У Мелиссы в руках новая игрушка — плоскогубцы. Из глаз моих вновь начинают струится слезы, когда она обхватывает ими мое левое яичко. Ствол у меня во рту означает, что все попытки о чем-то договориться отметаются заранее. Я умоляю ее глазами, но ей все равно. Пытаюсь покачаться влево и вправо, вверх и вниз, но она усиливает нажим, чем быстро сводит на нет мои попытки. Чувство такое, будто она только что прижала ко мне кусок льда. Я оказываюсь парализован до такой степени, будто мне только что перерубили позвоночник.

Она улыбается мне.

И зажимает плоскогубцы.

Гортанный крик сначала застревает в горле, а потом разрастается там до такой степени, что перекрывает мне дыхание. Не хочу.

Она только что раздавила мне яичко с такой же легкостью, как могла бы раздавить виноградинку между пальцами — и, как и из виноградинки, содержимое брызнуло наружу. Живот и бедра выворачиваются в судороге. Легкие, напряженные до предела, отказываются предоставить мне даже толику кислорода. Мой крик вырывается наружу. Над головой разлетаются испуганные птицы. Из паха по всему телу волнами распространяется жар, заменяя собой леденящий холод, который я чувствовал всего мгновение назад; такой жар мог бы существовать в самых глубинах ада. Он кипятком обдает тело, распространяясь из эпицентра, зажатого плоскогубцами.
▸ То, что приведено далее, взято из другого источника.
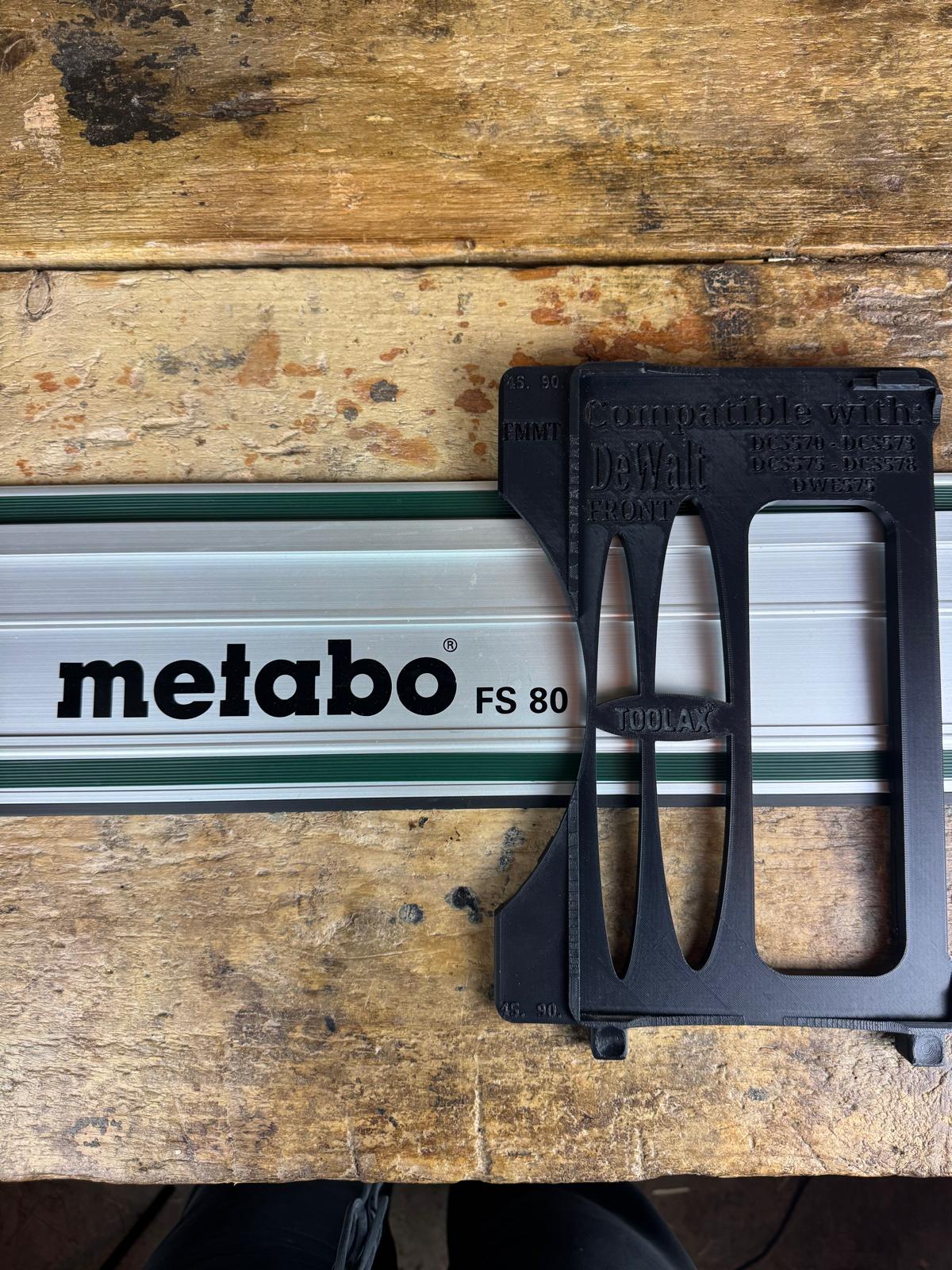 Turn your DeWalt circular saw into a track saw with this custom 3D-printed TOOLAX adapter base. Designed for smooth, straight, and splinter-free cuts, this adapter mounts easily to your saw and fits securely onto Metabo guide rails — no tools required.

Мой член все еще эрегирован.

Этот взрыв жара, будто когтистыми пальцами, дотягивается до моей души и одним махом разрывает ее. Он взрывает каждую клеточку моего тела и иссушивает до предела. А мне остается лишь орать, плакать и проклинать каждую живую душу в этой вселенной, по мере того как эти когти проникают все глубже. Я пытаюсь убежать от них, пытаюсь отделить себя от этого страшного существа, но оно крепко держит меня в своих тисках и не отпускает. Вся боль этого безумного, трижды проклятого мира влилась мне в душу, и ей там понравилось.

Я перестаю кричать, потому что у меня не остается на это сил. Слышу, как вдалеке воют, лают и плачут собаки. Челюсти мои смыкаются. Глотка болит так, будто туда только что влили раскаленное олово.
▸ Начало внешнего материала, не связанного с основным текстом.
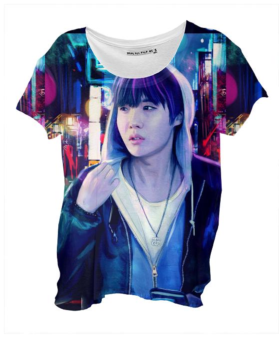 Loose fitting scoop neck shirt with nice drape and curved bottom hem.

Я начинаю погружаться в обморок, но вместо этого возвращаюсь в этот мир на волнах боли, которые бьются о мое сознание. Все тело парализовано, кроме головы, которая продолжает мотаться из стороны в сторону, по мере того как беззвучный крик продолжает жечь горло и глаза.

А потом я вижу ее. Она стоит рядом со мной на коленях, этот дьявол, называющий себя Мелиссой, порождение Гадеса,[4] сотворившее это со мной. Она прилаживает плоскогубцы не к другому яичку, а к тому же самому. Каждое движение, которое она там совершает, отдается ударом тока по нервам и следует непосредственно в мозг. Она зажимает их и снова сдавливает, как будто пытается вернуть яичку первоначальную форму.
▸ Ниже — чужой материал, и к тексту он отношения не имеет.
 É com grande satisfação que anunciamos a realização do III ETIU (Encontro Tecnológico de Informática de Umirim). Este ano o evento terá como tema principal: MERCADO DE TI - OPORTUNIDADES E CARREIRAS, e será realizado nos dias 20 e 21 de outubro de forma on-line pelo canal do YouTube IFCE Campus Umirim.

Я кричу, и кричу, и кричу, как будто от этого зависит моя жизнь, хотя единственное, чего я хочу сейчас — это умереть. Пытаюсь опустошить голову, чтобы в ней ничего не осталось. Это ад, и, наверное, меня перенесли сюда. По коленям у меня ползет огонь, и кожа моя шипит и сворачивается под этим пламенем, но я не вижу языков огня. Курок царапает мне передние зубы, но я его почти не чувствую. Я лишь беззвучно умоляю ее спустить этот курок.

Она этого не делает.

Еще чуть-чуть, и мое яичко станет двухмерным. Чувствую, как какая-то жидкость капает на мой пах, и почти слышу, как она превращается в ручеек. Меня обжигает так сильно, а боль так глубока, что я не могу поверить, что все еще жив. Мелисса что-то спрашивает, но я ее не понимаю. Все, что я могу слышать, это беспрерывный звон в мозгу, намного громче и глубже, чем тот, который оставался после музыки.

Capre diem.

Я все еще не могу дышать. Кровь холодная, а тело для нее слишком горячее. Закрываю рот, сжимаю зубами пистолет и молюсь, чтобы Мелисса спустила курок.

Оргазм.

Я почти ослеп. Какие-то тени мелькают по краям этого раннего утра. Боль должна утихать, такова ее природа, но в данный момент она своей природе не подчиняется. Я с трудом различаю, как Мелисса встает, и плоскогубцы уже далеко от моих гениталий, и пистолет уже не во рту. Я могу говорить, но сказать мне нечего. Мне не о чем просить.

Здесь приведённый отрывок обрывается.